Build or download the vec0 shared library — see the sqlite-vec install guide. Then point Skardi at it:

export SQLITE_VEC_PATH=/absolute/path/to/vec0.dylib   # or .so / .dll

# If using the pip package:
export SQLITE_VEC_PATH=$(python -c "import sqlite_vec; print(sqlite_vec.loadable_path())")

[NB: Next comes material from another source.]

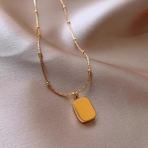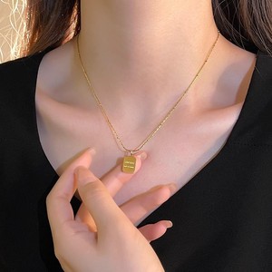 レタースクエアチタン鋼ネックレスレディースライトラグジュアリーニッチハイエンドゴールデン鎖骨チェーン人気のファッショナブルな多用途アクセサリー

3. Download the embedding model

pip install huggingface_hub
python -c "
from huggingface_hub import hf_hub_download
import os
model_dir = 'models/generated/bge-small-en-v1.5'
os.makedirs(model_dir, exist_ok=True)
for f in ['model.safetensors', 'config.json', 'tokenizer.json']:
hf_hub_download('BAAI/bge-small-en-v1.5', f, local_dir=model_dir)
"

4. Create the database

pip install sqlite-vec
python demo/rag/setup.py

The script loads the sqlite-vec extension via the sqlite_vec Python package (sidestepping the sqlite3 CLI's missing enable_load_extension on many systems), drops any prior demo/rag/rag.db, and creates the documents base table, the documents_fts FTS5 mirror, the documents_vec vec0 mirror, and the AFTER INSERT trigger that fans new rows out to both mirrors atomically. See setup.py for the schema.

5. Context file

One source in catalog mode auto-discovers every table in the database, loads the sqlite-vec extension once on the shared connection pool, and registers each table under <catalog>.main.<table> for both SQL and sqlite_knn / sqlite_fts lookups. Save as demo/rag/cli-ctx.yaml:

data_sources:
- name: rag
type: sqlite
path: demo/rag/rag.db
access_mode: read_write
hierarchy_level: catalog
options:
extensions_env: SQLITE_VEC_PATH

6. Ingest — one statement, embedding computed inline

skardi query --ctx demo/rag/cli-ctx.yaml --sql "
INSERT INTO rag.main.documents (id, content, embedding)
SELECT id, content,
vec_to_binary(candle('models/generated/bge-small-en-v1.5', content))
FROM (
SELECT 1 AS id, 'Vector databases store high-dimensional vectors and enable fast similarity search at scale.' AS content
UNION ALL
SELECT 2, 'Retrieval-Augmented Generation combines retrieval with a language model to ground responses in factual content.'
UNION ALL
SELECT 3, 'The Transformer architecture introduced multi-head self-attention to replace recurrent networks.'
) AS t
"

Why UNION ALL of SELECTs instead of VALUES? DataFusion's INSERT planner currently propagates the INSERT target schema (here, 3 columns) down into any immediate-child VALUES clause and validates row width against it, ignoring the intermediate SELECT projection that adds vec_to_binary(candle(...)). Wrapping the seed rows as SELECT … UNION ALL SELECT … keeps the subquery's own schema in scope and the projection lands the row at full width.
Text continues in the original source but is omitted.